Genolino Amado, cronista, ensaísta, tradutor, político, professor de História Universal, foi um exilado voluntário. Sua produção esteve fortemente marcada pelos ares metropolitanos. As referências a Sergipe, no entanto, abundam nos livros que enfeixaram suas crônicas. A prosa memorialística vai pelo mesmo caminho. O texto mais conhecido foi Um menino sergipano (1977). A este, planejou dar prosseguimento, escrevendo “a história do moço que estudou na Bahia e se formou no Rio de Janeiro”, e que se chamaria “Um rapaz sergipano”.

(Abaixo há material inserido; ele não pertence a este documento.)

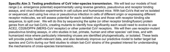 Newly public documents of two U.S funded grants reveal that one of the aims of the research included testing the ability to infect humanized mice with genetically altered coronaviruses. Humanized mice are engineered to display human type receptors on their cells to act as a human surrogate.

Um terceiro livro contaria a sua vida em São Paulo, a iniciação literária, o retorno ao Rio de Janeiro e a comemoração das bodas de ouro do casamento dos seus pais. Essas memórias eram também “a narrativa de toda uma família sergipana, a do velho Melk, a de Donana”, a dos quatorze irmãos Amado, com destaques para o excepcional Gilberto e, quem sabe até, para “um outro grande Amado que a Bahia nos levou, [s]eu primo Jorge, sergipano de origem.” (Cf. Amado, 1977, p. 41-43; 1977b, p. 199).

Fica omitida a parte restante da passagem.